Today Microsoft announced the
new WSL2
(Windows Subsystem for Linux), which will be shipped later this year. It
supposed to be 20 times faster than the current WSL. I have used WSL for about
one year and jumped back to Linux due to the performance issue of the former
one. The WSL is definitive faster than Cygwin, but it is unusable for a few
tasks. Here is an example for the performance of WSL(1), Cygwin and the
bare-bone system on the generation of this website at current status.

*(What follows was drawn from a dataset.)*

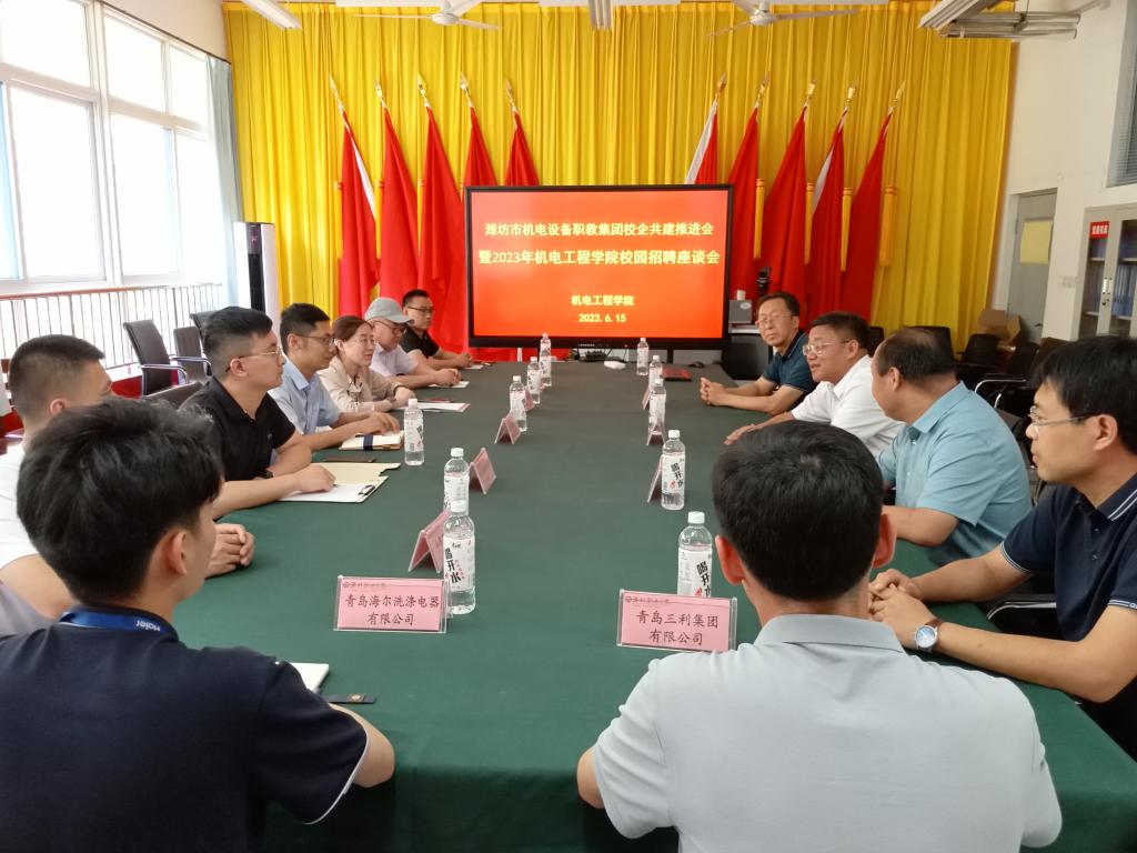 为充分发挥职教集团各成员单位作用,保障毕业生高质量就业,6月15日,学院潍坊市机电设备职教集团在滨海校区惠泽2号楼举办2024届毕业生双选会,职教集团37家骨干企业参加双选会,学院党委副书记韩瑞东、机电工程学院主要负责同志及其他相关负责人与前来参会的成员单位进行了座谈。

This static site is generated by self-made bash scripts. The scripts invoke
each other recursively (thus, many forks). The process involves plenty file
test commands (querying the file system attributes) and generates a lot of
temporary and output files (heavy IO of tiny files). This will be a critical
performance benchmark for WSL and Cygwin. The benchmarks are performed on the
same laptop with dual booting into Win 10 and Fedora 29.
Linux Native
real 0m2.462s
user 0m1.059s
sys 0m1.679s
Cygwin 3
real 1m19.374s
user 0m9.304s
sys 0m32.134s
Cygwin 3,
root excluded
from antivirus
real 1m16.906s
user 0m7.852s
sys 0m28.655s
Cygwin 3,
antivirus disabled
real 1m9.040s
user 0m7.500s
sys 0m24.274s
WSL at /mnt/c
real 0m22.634s
user 0m1.203s
sys 0m12.453s
WSL at /home
real 0m25.646s
user 0m1.125s
sys 0m14.594s
WSL at /mnt/c,
antivirus disabled
real 0m13.488s
user 0m1.156s
sys 0m12.109s
WSL at /home,
antivirus disabled
real 0m14.374s
user 0m1.063s
sys 0m13.406s
Win10 1809
Hyper-V gen2
Ubuntu 18.04 LTS
real 0m1.869s
user 0m1.725s
sys 0m0.497s
The performances of both emulators are unacceptable for this task, even if the
Microsoft antivirus software is turned off. Let us look forward to the 20
times performance improvement in the coming WSL2.